§ Records for this task:
━━━━━━━━━━━━━━━━━━━━

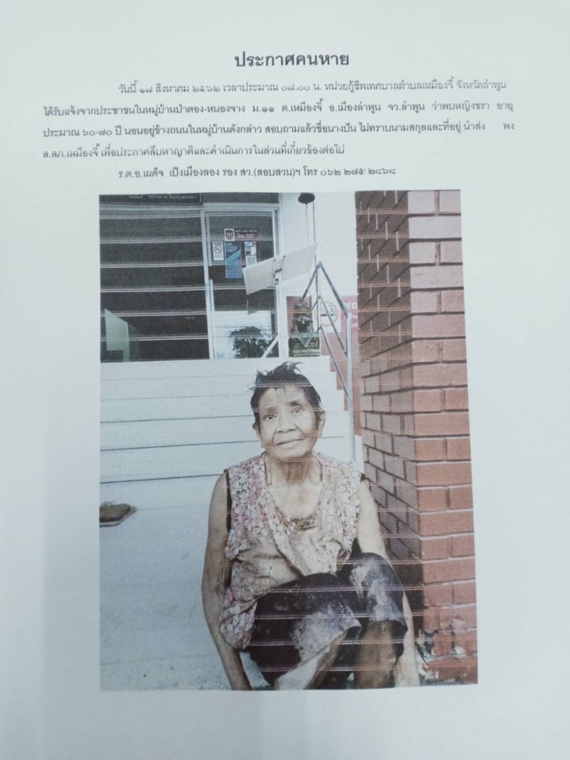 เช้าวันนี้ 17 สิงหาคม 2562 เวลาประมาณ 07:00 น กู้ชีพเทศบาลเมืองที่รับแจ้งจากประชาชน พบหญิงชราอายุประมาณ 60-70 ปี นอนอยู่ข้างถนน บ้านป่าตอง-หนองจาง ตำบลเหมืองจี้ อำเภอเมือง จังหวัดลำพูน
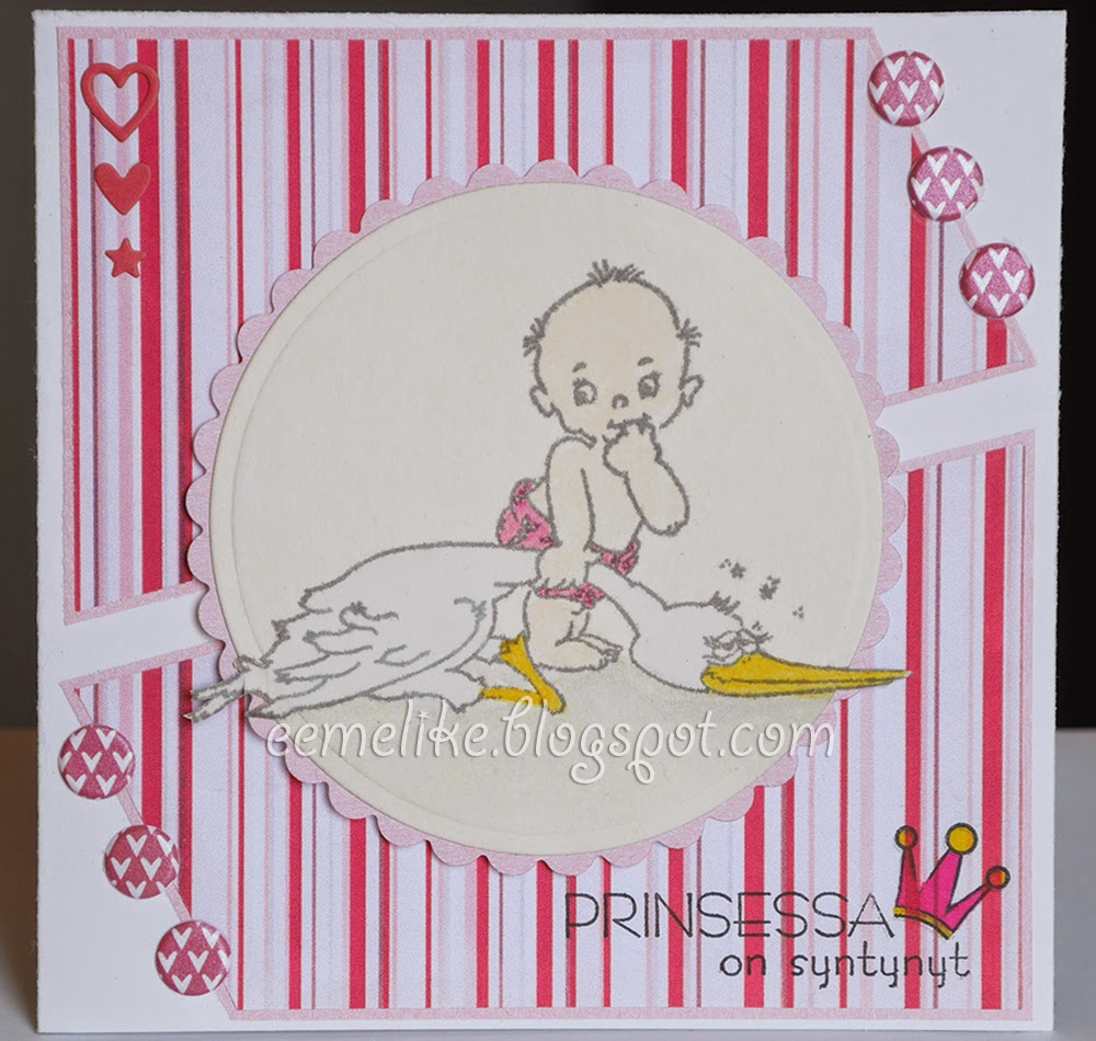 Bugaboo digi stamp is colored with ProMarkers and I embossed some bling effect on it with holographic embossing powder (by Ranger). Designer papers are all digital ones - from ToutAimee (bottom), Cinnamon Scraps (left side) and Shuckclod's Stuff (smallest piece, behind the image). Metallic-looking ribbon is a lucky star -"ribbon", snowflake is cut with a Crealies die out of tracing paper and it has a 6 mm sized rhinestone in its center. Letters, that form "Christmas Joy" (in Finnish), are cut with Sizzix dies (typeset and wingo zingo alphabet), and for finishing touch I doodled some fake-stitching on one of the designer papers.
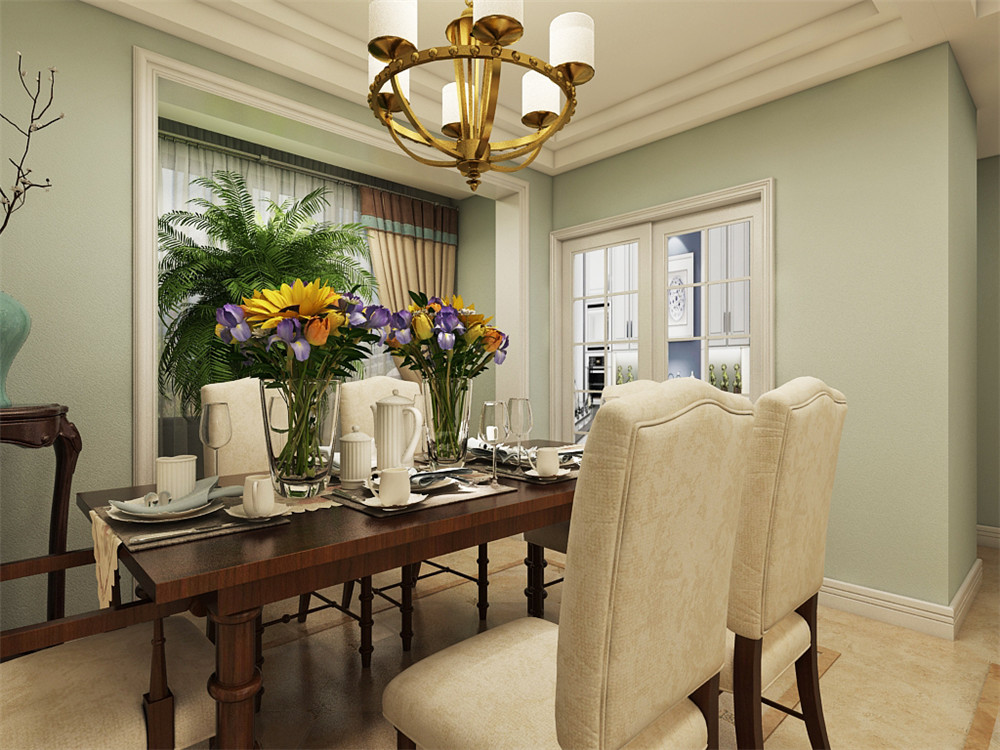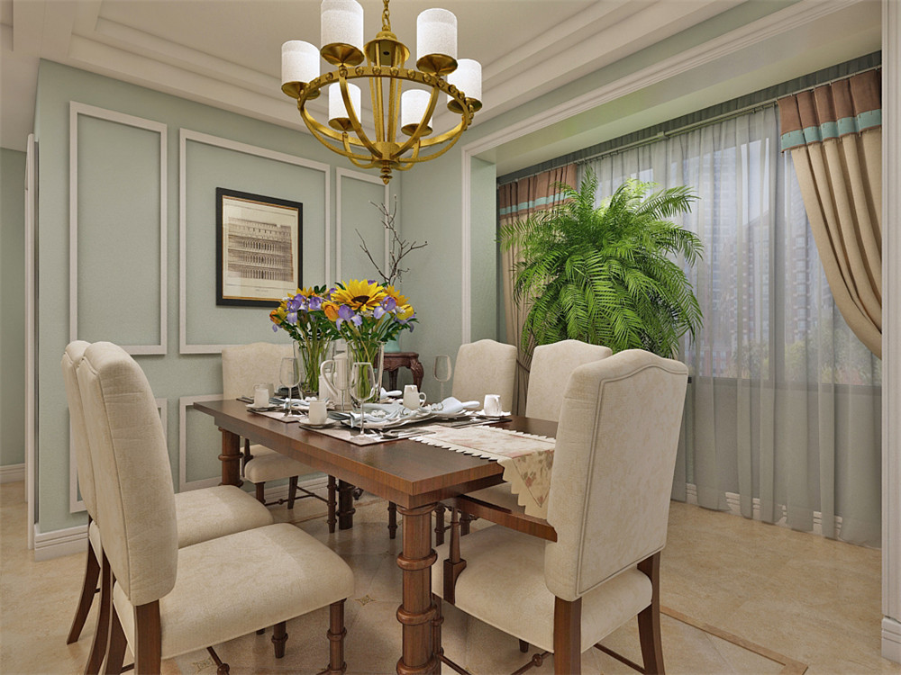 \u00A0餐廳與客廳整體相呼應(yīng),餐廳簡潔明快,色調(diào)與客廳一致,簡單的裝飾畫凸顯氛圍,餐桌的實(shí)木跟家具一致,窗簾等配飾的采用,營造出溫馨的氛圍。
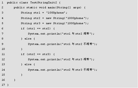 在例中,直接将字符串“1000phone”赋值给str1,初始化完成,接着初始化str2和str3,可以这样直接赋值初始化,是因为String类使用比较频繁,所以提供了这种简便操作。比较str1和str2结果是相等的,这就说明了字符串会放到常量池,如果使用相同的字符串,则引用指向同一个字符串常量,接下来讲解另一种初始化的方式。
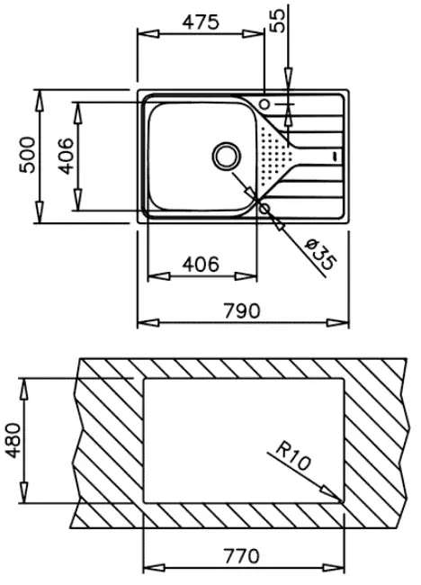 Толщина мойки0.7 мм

━━━━━━━━━━━━━━━━━━━━

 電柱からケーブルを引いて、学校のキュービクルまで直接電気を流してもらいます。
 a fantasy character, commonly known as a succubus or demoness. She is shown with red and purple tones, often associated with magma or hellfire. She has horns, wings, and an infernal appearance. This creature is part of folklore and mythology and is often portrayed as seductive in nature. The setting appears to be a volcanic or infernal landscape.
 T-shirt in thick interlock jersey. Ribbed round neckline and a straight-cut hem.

━━━━━━━━━━━━━━━━━━━━

§ Exercise instructions: In the listing above, locate the line containing "a fantasy character, commonly" and the line containing "T-shirt in thick", then transcribe both and every line between them verbatim.

§ Solution below:
 a fantasy character, commonly known as a succubus or demoness. She is shown with red and purple tones, often associated with magma or hellfire. She has horns, wings, and an infernal appearance. This creature is part of folklore and mythology and is often portrayed as seductive in nature. The setting appears to be a volcanic or infernal landscape.
 T-shirt in thick interlock jersey. Ribbed round neckline and a straight-cut hem.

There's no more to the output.